S a building this rather Dutch-looking palace cannot be called picturesque, but its surroundings undoubtedly are so. The avenue of fine old trees leading to it, the park-like land round it, the great pond at the east end, and the walks round it and amongst the trees are very lovely in summer. The gardens themselves are rich in all kinds of rare and beautiful flowers, and about its walks run generally those human flowers, little children, while the great pond is adorned by fairy boats sent afloat by childish hands.

There are some very fine horse chestnut trees in Kensington Gardens, and in May nothing can exceed the beauty of them, adorned from the turf to their highest summit with tall spires of flowers of ivory, tinged at the edges with faintest pink. They almost equal those at Bushy Park.

The palace is connected with many events in our history; it has been the scene of the death of four of our kings, and the birthplace of the most beloved of our sovereigns.

The house that originally stood here with six acres of ground round it, was the property of Daniel Finch, the second Earl of Nottingham King William III. took a fancy to it, and purchased it from him; but on the following November it caught fire, and was nearly destroyed, the sovereign narrowly escaping being burnt in his bed.

It was rebuilt, and only the north wing remains of the old mansion. William held several councils here; and Queen Mary, who was very fond of the place, delighted in decorating it. Here she died, and William III. also breathed his last here. It became then the property of Queen Anne, for whom the banqueting hall in the garden was built. It was at Kensington that this poor queen ended her reign. She came there from Windsor to try and put an end to the perpetual quarrels between Harley and Bolingbroke by dismissing the former, her Prime Minister.
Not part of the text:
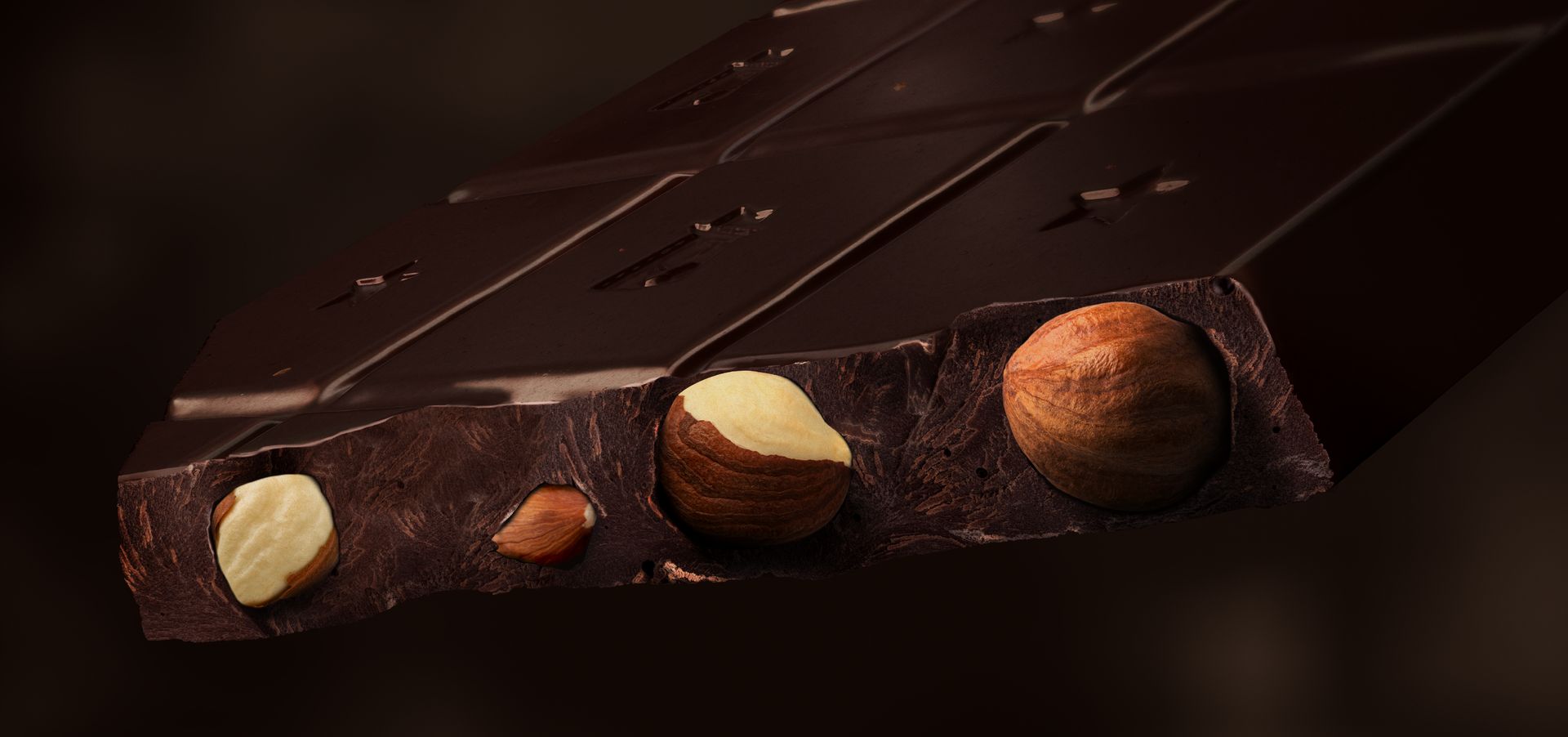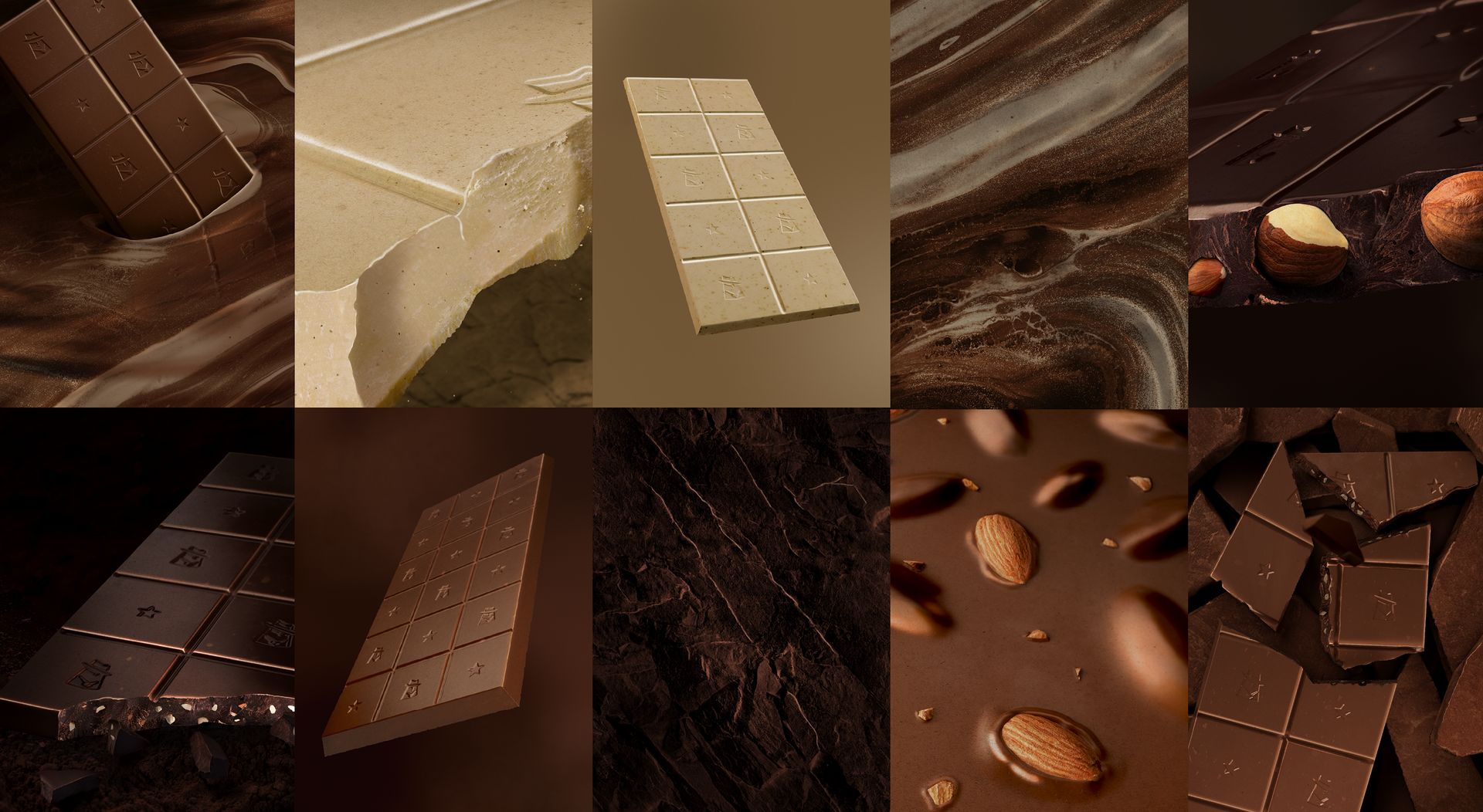 Inspirados por esa misma idea, construimos una estética que evocaba la creación del universo, pero en chocolate. Un big bang tentador, elegante, suspendido en un cosmos propio. Nos metimos en un proceso larguísimo de bocetado, modelado 3D, render y retoque final, antes de que existieran las inteligencias artificiales. Un mes entero de trabajo artesanal para lograr doce imágenes que podían irrumpir con elegancia en vía pública, kioscos y redes. Avellanas explotando y almendras sobresaliendo sutilmente del chocolate. Un lenguaje visual completamente alejado del universo tradicional de la publicidad de snack de kiosco.

She had frequently declared that the perpetual contention of which her Cabinet Council was the scene would cause her death, and assuredly it did; for after her dismissal of Harley another Council was held, and with equally ill results. The partizans of the displaced Premier kept the invalid queen sitting at the Council table till two in the morning, whilst they raged against the Jacobite members of it - Lord Harcourt, the Dukes of Ormond, Buckingham, and Shrewsbury, and Sir William Wyndham - in the most furious manner. At length the queen, complaining of her head, sank into a deep swoon from exhaustion, and was carried to bed seriously ill; she wept all night, and never closed her eyes. How terrible the spirit of party is, that could thus change English gentlemen into mere ruffians!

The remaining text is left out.